Pearl Beyond Price, pg. 236
Openness in Inquiry Means No Fixation, No Rigidity, No Closing Down
This openness in inquiry reflects the openness of true nature. Without this openness, which is a fundamental characteristic of true nature, inquiry will not work. The core of inquiry has to be an openness to what is present in experience, to what you know of that experience and what you do not know. It is openness to seeing things as they are, openness for them to change and for the change to reveal more of what is present. Openness means that you are not stuck in “I know this, and that’s it.” Openness means that no knowledge is final knowledge. Inquiry is open to the knowledge of now, but also open for the next moment to bring about a totally new and different knowledge. Openness means no fixation, no rigidity, no closing down. It is the expression of a spaciousness in the mind, a spaciousness and awareness in the knowing capacity. This open attitude of inquiry is the means of engaging not only the dynamism of Being but the spaciousness that is the infinite potentiality of our true nature. Most fundamentally, it is a direct expression of the truth that true nature is ultimately a mystery. The absolute openness of true nature means that you can never know it completely, can never close the book on inquiry into it. You can never conclude the inquiry, because to conclude the inquiry is to stop the unfoldment, to stop the dynamism—and the dynamism cannot be stopped. Why? Because true nature is infinite in its possibilities, and it is infinite in its possibilities because it is the absolute mystery.

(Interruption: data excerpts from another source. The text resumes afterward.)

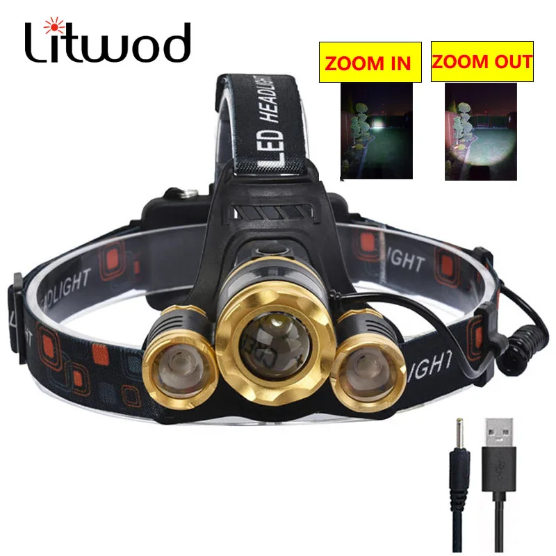 Мощный светодиодный налобный фонарь с зумом, перезаряжаемый налобны...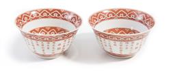 Appears to be no visible faults or damage to either bowl. One bowl is exhibits a slightly darker iron red enamel than the other bowl. One or both of the bowls possibly 20th century.
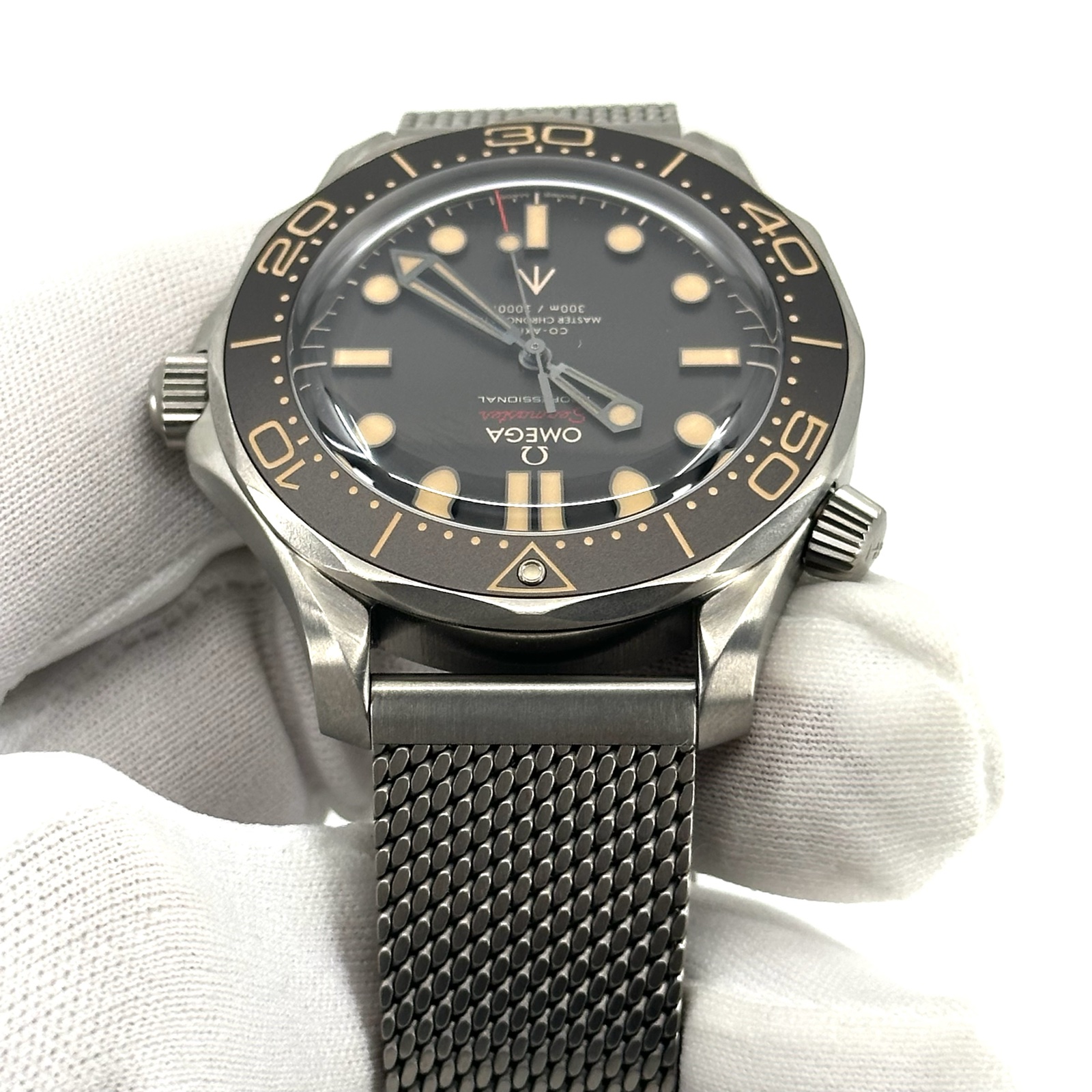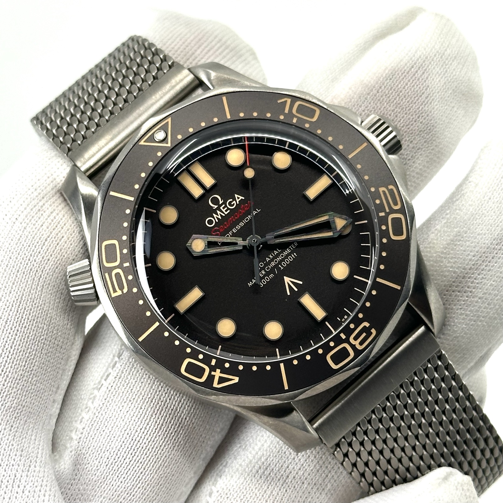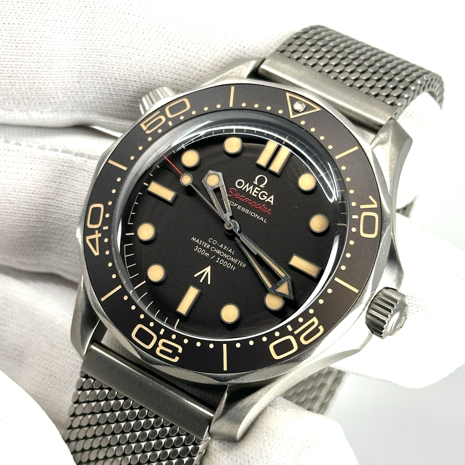 Daniel Craig reportedly wanted a titanium dive watch that looked like MOD-issued kit rather than a modern luxury sports watch, and Omega obliged — grade 2 titanium throughout, tropical-brown aluminum bezel and dial, cream-toned lume, and caseback engravings mimicking British military markings (0552 Royal Navy designator, 923/7697 for a 300m diver, A for screw-in crown, 007, and 62 for Dr. No's release year). The movement is Cal. 8806, the no-date variant of the 8800, engineered specifically so the dial could remain symmetrical without the date aperture at 6 o'clock that breaks up most 300Ms. Introduced in 2019 as a regular-production reference — not a numbered limited edition — it was the first Bond-branded Omega in a decade to earn full Master Chronometer certification. The titanium mesh bracelet with integrated adjustable buckle is the piece collectors reach for; the NATO is the lighter-wearing alternative.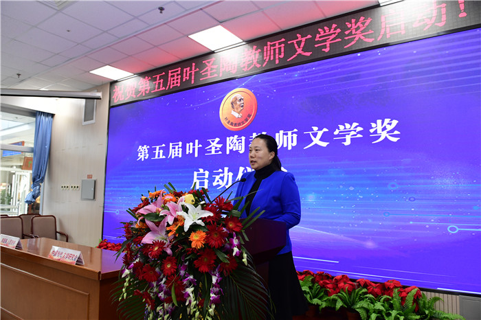 因此,叶圣陶教师文学奖的设立是对左手教书育人,右手文学创作的老师们极大的肯定与褒奖;是对发现并充分挖掘教育的诗性之美的老师们的鼓励与促进,衷心祝愿叶圣陶教师文学奖的评审越办越好,祝愿第五届叶圣陶教师文学奖启动仪式圆满成功!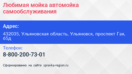 Любимая мойка, автомойка самообслуживания по адресу 432035, Ульяновская область, Ульяновск, проспект Гая, 65д в дальнейшем Организация, размещена в следующих категориях: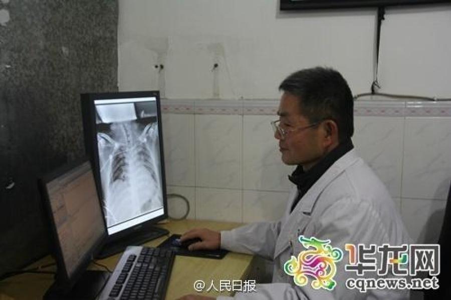 1月21日日上午,这位救人后默默离开的无名英雄被媒体找到,他是重庆第九人民医院放射科副主任医师栾红军?!翱吹铰渌睦锩欢嘞?,只想着救人要紧?!辫锖炀谝皆悍派淇拼邮?3年医学影像临床诊断及教学工作、今年已54岁。工作中的栾红军。齐宏 摄 华龙网

Spacecruiser Inquiry, pg. 17
Preferring the Nondual to the Dual and Believing that the Nondual Perspective is Final
Spiritual development usually proceeds from the dual to the nondual perspective. The characteristic recognition of the journey of descent is that reality is nondual, that realization and life are not separate. At this juncture, it is very easy to fall into the reification and fixation of preferring the nondual to the dual and of believing that the nondual perspective is final. In fact, many of you might be thinking, “Why does he keep saying there is no aim? Clearly, the nondual perspective is the aim and now, finally, we got to our aim, to seeing the oneness of reality!” But if we really understand the nondual perspective, we recognize there can’t be any aims. If everything is one, how can there be a separate person striving toward some differentiated goal? And beyond this impasse, at some point, we can come to see that reality presents possibilities other than dual and nondual. Reality is quite mysterious—its aliveness is irrepressible.
Runaway Realization, pg. 86
Seeing the Fixations and Unfreezing Them Can Begin to Reveal their Nature and Ground
By liberating itself from those delusions, reality begins to reveal the ground, the underlying nature of all these manifestations. Seeing the fixations and unfreezing them, thawing them, and melting them can begin to reveal their nature and ground as transcendent, as pure luminosity, clarity, and emptiness. For some time now, that is how we have been working in the school. We have been looking at this thawing, this melting, this liberation, and experiencing the opening of this realm of time and space. But, in a subtle way, we continue to see this process from the perspective of the individual self, from the view with which we began. From this view, the process feels like a progression or development, seems like a liberation from one condition and the arising of a freer condition. What is truly difficult is to see reality or experience reality from its own perspective, totally free from the view of the individual self. I am not saying that the perspective of reality is free from the individual self—I am saying free from the view of the individual self. The individual self has so many bases, so many positions that it uses to construct itself. Because many of them are subtle, it is difficult to see through them completely, so we continue to see reality from their perspective without being aware of it. A big part of what we are doing in this teaching is exploring those bases on which the individual self is erected: motivation, goal, causality, separateness, and journey. A journey has a beginning and an end, but reality has neither beginning nor end. And reality is not a thing. When we talk about reality as Living Being, we might think that it is a Being. It is not a Being. When we say Living Being, we mean the whole thing, everything, all of it, all of reality. All of reality is alive and always in a constant condition of transformation. This condition of transformation is its life.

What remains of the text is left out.